The process by which ChatGPT sorts through data and provides answers is modelled off of the human brain’s own mode of thinking, so it stands to reason that some of the same rules apply. According to Nobel Prize winning psychologist Daniel Kahneman, there are two basic ways in which the human brain can create a solution for a problem, namely fast thinking and slow thinking.
Over the years, these two styles were developed into System 1 and System 2. The first involves quickly coming up with a solution through intuition, whereas the second uses a slow and methodical method that takes more time but provides more accurate responses.
While ChatGPT and other Large Language Models like it are impressive for the speed with which they can provide answers, it turns out that using them slowly can make them even more intelligent. A study that was recently published in Nature Computational Science revealed that ChatGPT can surpass human intelligence if it slows down.

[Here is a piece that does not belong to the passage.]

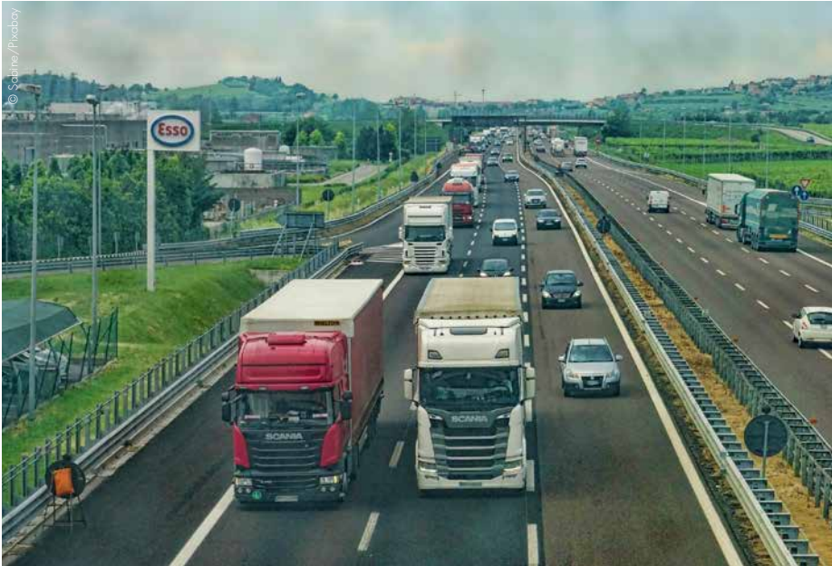
Die Logistik ist die volkswirtschaftlich sechstwichtigste Branche Österreichs.

Die Industriellenvereinigung, die Wirtschaftskammer Österreich und der Zentralverband Spedition & Logistik fordern die Regierung auf, die Zukunft des Logistikstandortes Österreich zu sichern.

The study was conducted by Michal Kosinski, who teaches organizational behavior at Stanford’s Graduate School of Business. As LLMs continue to evolve, they might be able to slow their thinking processes down, thereby reducing many of the inaccuracies that are currently holding them back. This capability sheds light on where these LLMs may go in the future, prioritizing accuracy instead of speedy responses.
In the study, Kosinski partnered with Thilo Hagendorff, a philosopher, and Sarah Fabi, a noted psychologist. They took ten generations of GPT and gave them tasks that were specifically designed to make them opt for System 1 thinking. The purpose of the study was to determine whether or not quick thinking led to cognitive biases, such as those that can be seen when humans try to speed their way through a task.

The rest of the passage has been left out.